Interpretation and guidance:

  • If flux diff shows differences, those are drifted resources (cluster != Git/source).
  • Reconcile to reapply Git-desired state; if the drift is intentional, update the Git source instead of reconciling.
  • Use consistent Kustomization/HelmRelease intervals and automation to reduce manual drift.
  • Review Flux resource status (conditions and lastApplied/lastAttempted revisions) to determine why reconciliation failed and whether source updates are required.
  • Consider adding alerting around failed reconciliations or large diffs to catch drift early.

2. Immutable Field Updates

Handle immutable field errors:

# Common immutable fields that cause issues:
# - Pod selectors in Deployments
# - Service ClusterIP
# - PVC storage size (depending on storage class)

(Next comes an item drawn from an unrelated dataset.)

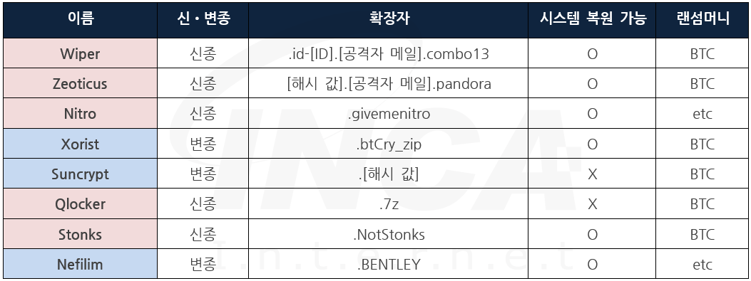 잉카인터넷 대응팀은 2021년 4월 16일부터 2021년 4월 22일까지 랜섬웨어 신•변종 및 이슈와 관련하여 대응을 진행하였으며, 신종 랜섬웨어는 “Wiper” 외 4건, 변종 랜섬웨어는 “Xorist” 외 2건이 발견됐다.

# Solution: Delete and recreate the resource
kubectl delete deployment <deployment-name> -n <namespace>
# Flux will recreate based on GitOps

3. Helm Value Validation

Validate Helm values before deployment:

# Dry-run Helm install
helm install <release-name> <chart> --dry-run --debug --values values.yaml

# Template and validate manifests
helm template <release-name> <chart> --values values.yaml | kubectl apply --dry-run=client -f -

Advanced Debugging

1. Debug Containers

Use debug containers for deeper investigation:

# Create debug container
kubectl debug <pod-name> -n <namespace> -it --image=busybox

# Debug with specific tools
kubectl debug <pod-name> -n <namespace> -it --image=nicolaka/netshoot

2. Package-Specific Issues

Image Pull Problems:

# Check image pull secrets
kubectl get secrets -n <namespace> | grep docker

# Verify registry access
kubectl describe pod <pod-name> -n <namespace>

Init Container Failures:

# Check init container logs
kubectl logs <pod-name> -n <namespace> -c <init-container-name>

# Check init container status
kubectl describe pod <pod-name> -n <namespace>

3. Rollback Procedures

When issues persist, consider rollback:

# Rollback Helm release
helm rollback <release-name> <revision> -n <namespace>

# Rollback via Flux (revert Git commit)
git revert <commit-hash>
git push origin main

Escalation and Support

1. Gather Debug Information

Before escalating, collect:

# Create debug bundle
kubectl cluster-info dump --output-directory=./debug-info

# Export relevant logs
kubectl logs -n <namespace> --all-containers --prefix=true > package-logs.txt

# Export events
kubectl get events --all-namespaces --sort-by='.lastTimestamp' > events.txt

2. Community Resources

  • Check Big Bang documentation and troubleshooting guides
  • Search Big Bang GitLab issues for similar problems
  • Engage with the Big Bang community for complex issues
  • Review package-specific documentation and upstream issues

3. Preventive Measures

  • Implement comprehensive monitoring and alerting
  • Use staging environments for testing changes
  • Regularly review and update package configurations
  • Maintain backup and restore procedures
  • Document custom configurations and known issues

Remember to always test fixes in a non-production environment first and maintain detailed logs of troubleshooting steps for future reference.